After an early dip, the Hungarian currency firmed in line with most other Central European currencies as investors reassessed the chances of local interest rate cuts after the Fed signaled late Wednesday that US rate rises were still likely this year.

That may slightly curb the chances of further monetary easing in Central Europe, but deflation risks and the ECB’s asset purchases could still argue for neighbouring central banks to ease policy.

Emerging-market currencies are undervalued by an average of 0.9%, according to a proprietary valuation framework developed by Bank of America Merrill Lynch strategists, which estimates the long-term equilibrium exchange rate for 22 emerging-market currencies. Latin American currencies remain 14% overvalued on average, according to the model, while Asia as well as the Eastern Europe, Middle East and Africa region still look cheap. Asian currencies are 5% undervalued, while EEMEA shifted from a 5% to 9% average undervaluation over the past year, mainly driven by Hungary and Poland, according to BofA/ML.

The forint gained the most versus the Swiss franc which fell sharply against major currencies amid renewed speculation of intervention by the Swiss National Bank, which could be made cheaper now while the dollar gathers strength on its own after the Fed’s guidance.

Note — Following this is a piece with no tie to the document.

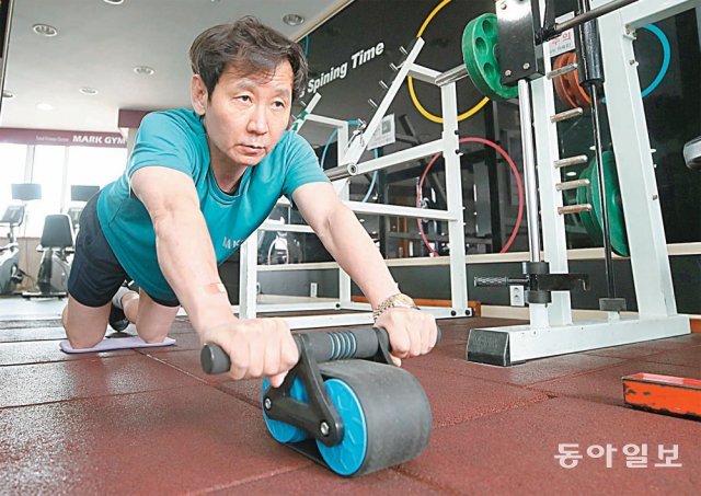 김광준 중앙대병원 산부인과 교수는 16년째 같은 헬스클럽에서 격일로 유산소 운동과 근력 운동을 꾸준히 이어가고 있다. 김 교수가 휠슬라이드라는 도구를 이용해 코어 근육을 강화하는 운동을 하고 있다.

The forint traded at 274.70 to the dollar, up from 276.96 late Wednesday. On Thursday, it moved between 273.23 and 277,66. Its latest all-time low against the dollar was 280.33 on January 15.

It was quoted at 298.09 to the Swiss franc, up from 305.92 late Wednesday. Its range on Thursday was 297.42, a two-week high, to 305.67. It plunged to an all-time low at 378.49 on January 15, and has never been under 300 since then until Thursday.